What you need to do: Beginning at the line that holds "I then enclose" and continuing to the last line of the data below, transcribe every line word for word, without pictures.

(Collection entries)
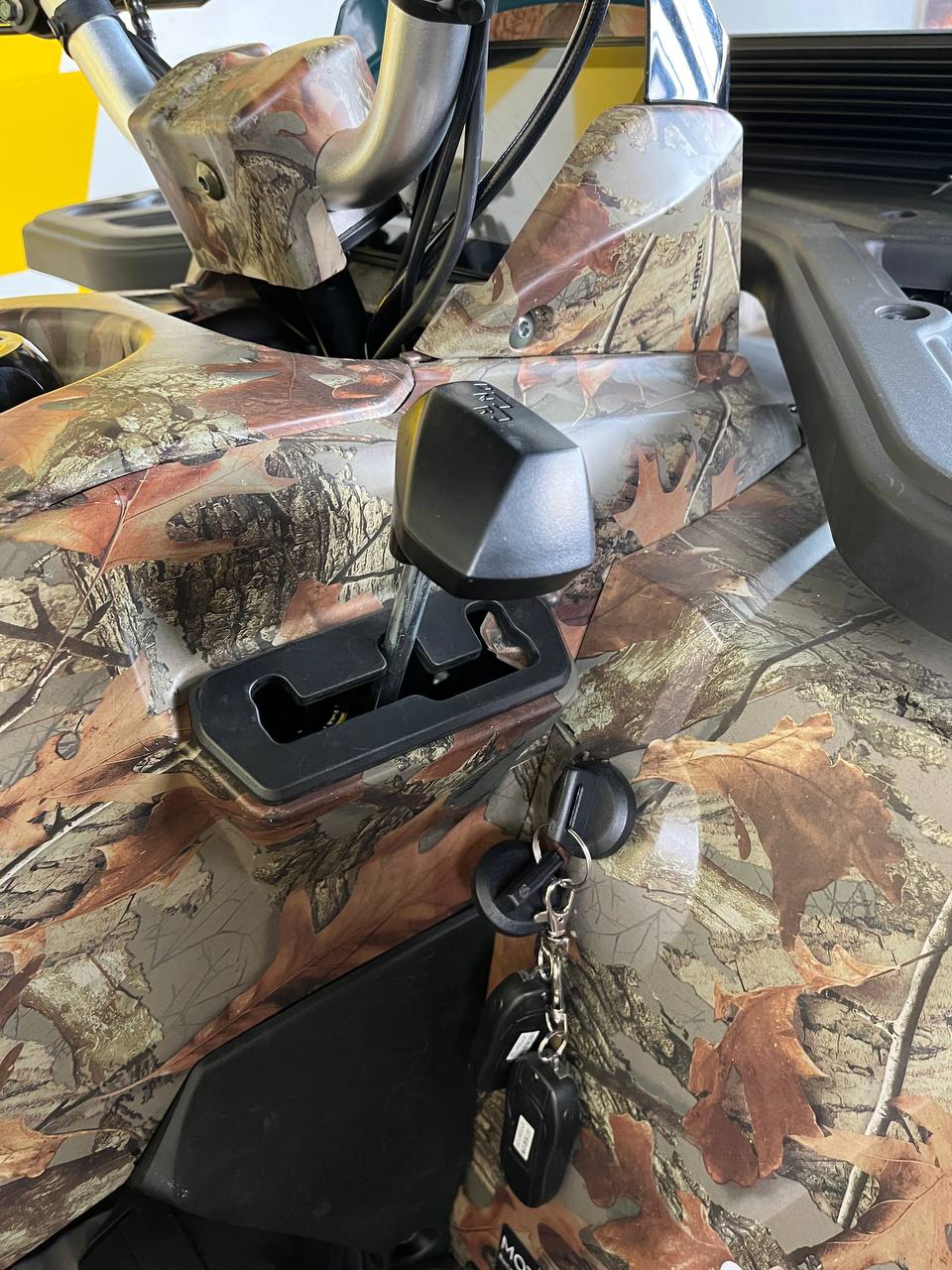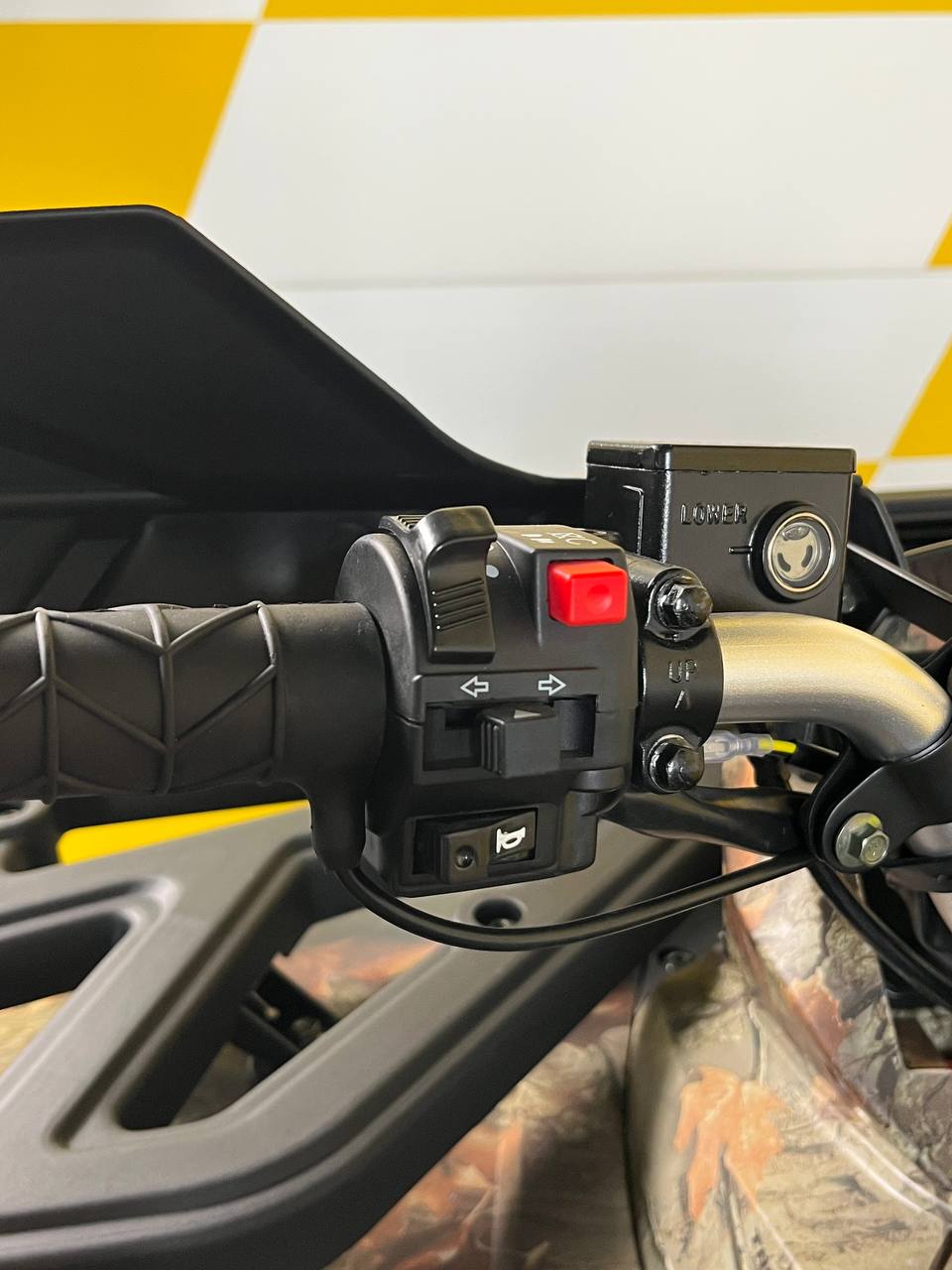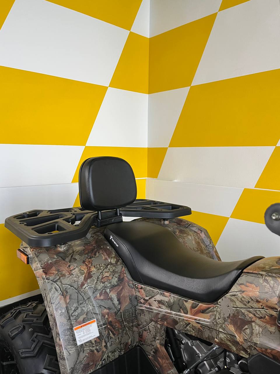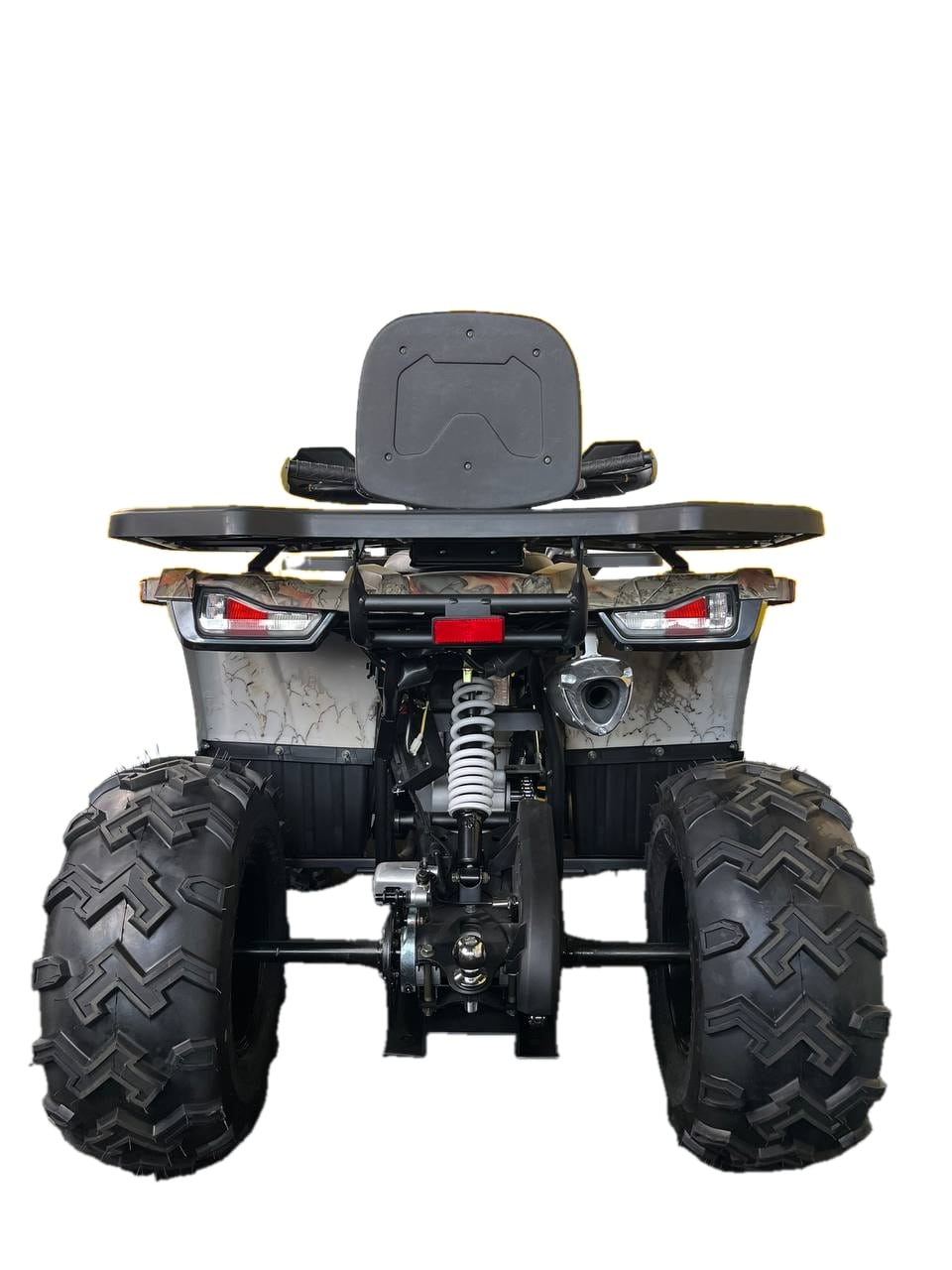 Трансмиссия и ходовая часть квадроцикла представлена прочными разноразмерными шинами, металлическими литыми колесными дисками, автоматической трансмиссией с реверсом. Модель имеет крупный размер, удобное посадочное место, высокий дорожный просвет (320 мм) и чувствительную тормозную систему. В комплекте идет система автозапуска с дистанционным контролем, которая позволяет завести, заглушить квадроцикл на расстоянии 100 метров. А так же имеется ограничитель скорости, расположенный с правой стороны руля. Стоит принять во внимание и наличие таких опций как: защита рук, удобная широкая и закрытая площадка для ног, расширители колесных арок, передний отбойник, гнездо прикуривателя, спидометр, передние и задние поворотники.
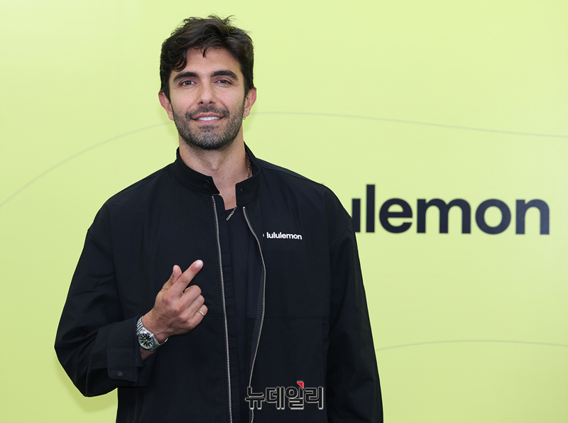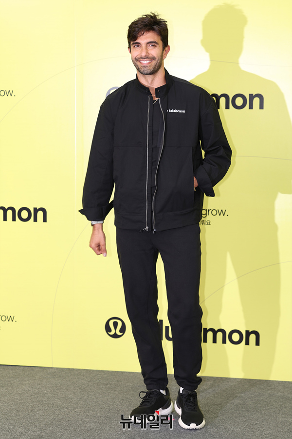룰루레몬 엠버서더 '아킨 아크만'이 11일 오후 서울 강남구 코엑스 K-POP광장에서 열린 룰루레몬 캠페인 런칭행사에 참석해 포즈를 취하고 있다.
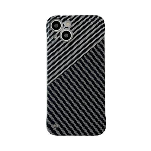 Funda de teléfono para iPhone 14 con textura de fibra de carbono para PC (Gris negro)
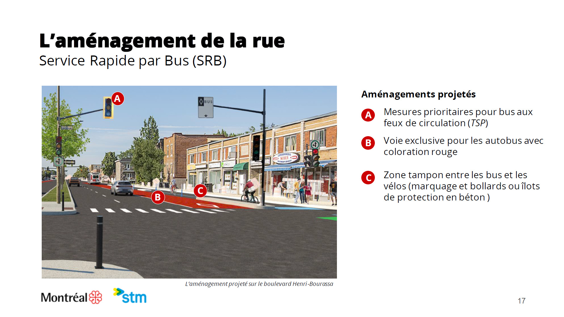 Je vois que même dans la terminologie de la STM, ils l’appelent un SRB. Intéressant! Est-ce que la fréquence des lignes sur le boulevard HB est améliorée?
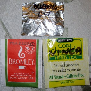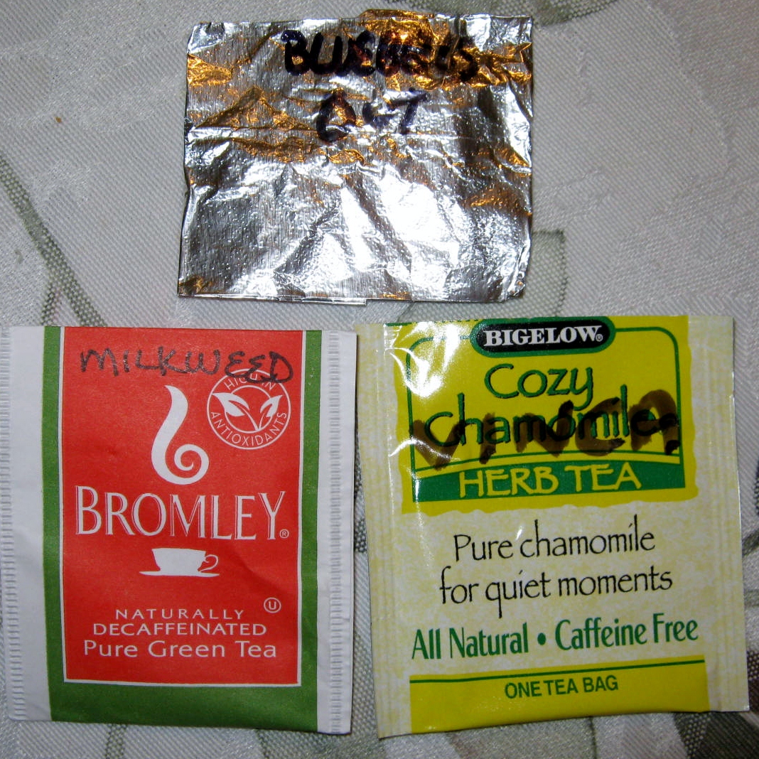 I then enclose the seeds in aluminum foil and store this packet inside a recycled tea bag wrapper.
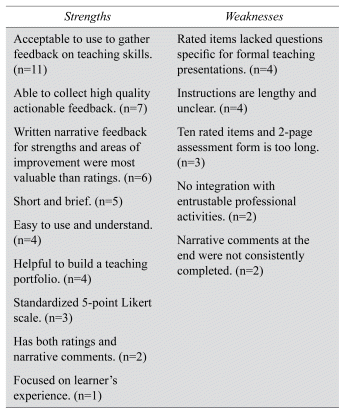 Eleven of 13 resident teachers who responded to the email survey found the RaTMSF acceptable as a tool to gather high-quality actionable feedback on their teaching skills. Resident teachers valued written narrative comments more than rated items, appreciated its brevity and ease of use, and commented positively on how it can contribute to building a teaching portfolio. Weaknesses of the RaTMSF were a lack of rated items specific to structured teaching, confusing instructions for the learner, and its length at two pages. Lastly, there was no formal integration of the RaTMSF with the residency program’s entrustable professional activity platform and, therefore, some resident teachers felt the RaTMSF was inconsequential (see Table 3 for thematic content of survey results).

Answer for the task:
 I then enclose the seeds in aluminum foil and store this packet inside a recycled tea bag wrapper.
 Eleven of 13 resident teachers who responded to the email survey found the RaTMSF acceptable as a tool to gather high-quality actionable feedback on their teaching skills. Resident teachers valued written narrative comments more than rated items, appreciated its brevity and ease of use, and commented positively on how it can contribute to building a teaching portfolio. Weaknesses of the RaTMSF were a lack of rated items specific to structured teaching, confusing instructions for the learner, and its length at two pages. Lastly, there was no formal integration of the RaTMSF with the residency program’s entrustable professional activity platform and, therefore, some resident teachers felt the RaTMSF was inconsequential (see Table 3 for thematic content of survey results).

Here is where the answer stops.